Two matters were voted on Tesla shareholders ‘meeting held on June 13

Recently, we learned from relevant channels that Tesla will hold the annual shareholders’ meeting on June 13.

It is reported that shareholders at this meeting need to vote on two major issues: CEO Musk’s $56 billion compensation package and whether the company’s domicile will be moved from Delaware to Texas, where the company is headquartered.

Two matters were voted on Tesla shareholders 'meeting held on June 13, Tesla even set up a website to ensure that the proposal was passed, hoping that his huge retail investors would vote in favor of it.
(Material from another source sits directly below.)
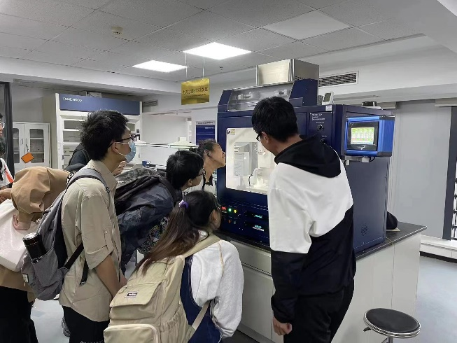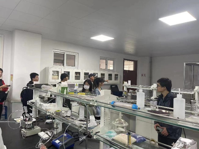活动伊始,任祎博带领大家从历史背景、科研团队、创新发展等方面深入了解了职业健康研究院的发展历程,介绍了研究院旨在打造“职业健康+行业特色”的科研创新与成果转化平台。随后,任祎博带领大家进入实验室参观,同学们近距离观察了职业健康前沿研究有关的各种精密仪器设施,学习了具体的科研成果,切身地感受到了科研的魅力,增强了专业自信。接着,同学们还参观了江苏世安健康科技研究院有限公司,任祎博为大家讲解了部分静电纺丝与测定煤尘理化性质的仪器,重点介绍了检测气溶胶颗粒物模拟器、呼吸模拟器、煤尘发生器等检测口罩及呼吸器的仪器。活动最后,任祎博带领同学们参观了通风模拟实验室。

In response to Mr Musk’s $56 billion compensation plan, Tesla investor CEO–Ross Gerber of Gerber Kawasaki Wealth & Investment in California voted for Mr Musk’s pay package, saying: “although Tesla’s performance over the past 12-18 months has been much lower than we expected, Musk has achieved amazing results over the past 10 years.

” Glass Lewis, a third-party shareholder adviser, has publicly opposed it, arguing that the compensation package would over-dilute existing shareholders and be “too large” and that the proposal to move to Texas would bring “uncertain benefits and additional risks” to shareholders.

The position of ISS, a third-party consultancy, on the bill has not been announced.

The two companies are the largest independent shareholder advisers in the United States, and their recommendations have an important impact on investors’ voting decisions.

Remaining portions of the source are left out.